参考:TSMCの5nm+が2021年に量産に入る

これだけでも半導体の製造がものすごいラットレースであることが実感できると思いますが、引き離されたからと言って何もしなければますます差が広がっていくわけです。

14nmもかなり難産で最初のデスクトップ14nm版Broadwellは高クロック製品が出せませんでしたが、10nmの製造で躓いたintelがスマホ勢の豊富な資金で最新プロセスにガンガン突っ込んでいくTSMCに追いすがることが出来るのか?

2021年に新しい7nmプロセスの立ち上げが成功するのかどうかがintelの正念場だと思います。

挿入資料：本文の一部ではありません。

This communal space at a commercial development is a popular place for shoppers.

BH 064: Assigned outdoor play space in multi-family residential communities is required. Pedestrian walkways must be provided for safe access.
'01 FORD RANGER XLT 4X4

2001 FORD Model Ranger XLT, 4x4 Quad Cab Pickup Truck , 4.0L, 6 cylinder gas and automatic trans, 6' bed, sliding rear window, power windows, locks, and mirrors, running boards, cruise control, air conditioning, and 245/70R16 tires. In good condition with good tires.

これに失敗したらおそらく、intelとAMDの立ち位置が大きく入れ替わることになるでしょう。

 

少しわかりにくかったことと、日本のメディアさんなどもintelのモバイル新製品について取り上げたので、今回関係のあるCPUを表にまとめました。

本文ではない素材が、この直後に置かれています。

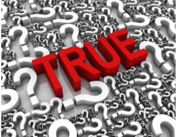
"Within about 90 minutes," according to CBS News, "the state homeland security and emergency management offices posted on Twitter that no emergency existed, but by then people had called a variety of local, county, and state agencies to express their concerns."

For additional information on: The CBS News report, visit http://www.cbsnews.com/8301-201 162-57341882/mistaken-verizon-emergency-alert-scares-n.j/

シリーズTDPパッケージファミリーネームコア数製造プロセス発売時期
H/G シリーズ45-65WBGACoffee Lake H Refresh2/4/6/814nm2019Q1
U シリーズ15-28WBGAIce Lake U2/410nm2019Q2
Tiger Lake U410nm2020Q2
Y シリーズ-5WBGAIce Lake Y210nm2019Q2
N シリーズ6-10WSoCGemini Lake Refresh2/414nm2019Q2
E シリーズ6-10WSoCElkhart Lake2020H2
M シリーズ3-5WSoCLakefield2019Q2
Z シリーズ-4WSoCCherry Trail(旧製品)

今回話題に上がったのはice Lake UとTiger Lake U、Lakefieldになります。

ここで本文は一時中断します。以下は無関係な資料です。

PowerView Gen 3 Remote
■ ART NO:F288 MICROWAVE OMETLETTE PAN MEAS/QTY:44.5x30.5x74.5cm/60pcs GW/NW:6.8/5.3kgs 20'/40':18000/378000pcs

見てわかる通り、モバイル向けで、少なくとも自作向けには関係ないです。

また、Hシリーズはデスクトップと同じアーキテクチャーが使われますが、Coffee Lake H Refreshの後はComet Lake Hとなっており、自作向けもやはり従来の情報と変わりません。

Ice Lake UとTiger Lake U、LakefieldもTDP28W以下のモバイル向けであり、特にLakefieldは3-5W向けのSoCになっています。

この話は特に個別にに取り扱うつもりはありませんのでこの機会に説明しておきます。

Ice LakeとLakefieldはGEN11グラフィックスをTigerLakeはXeをGPUとして内臓するようです。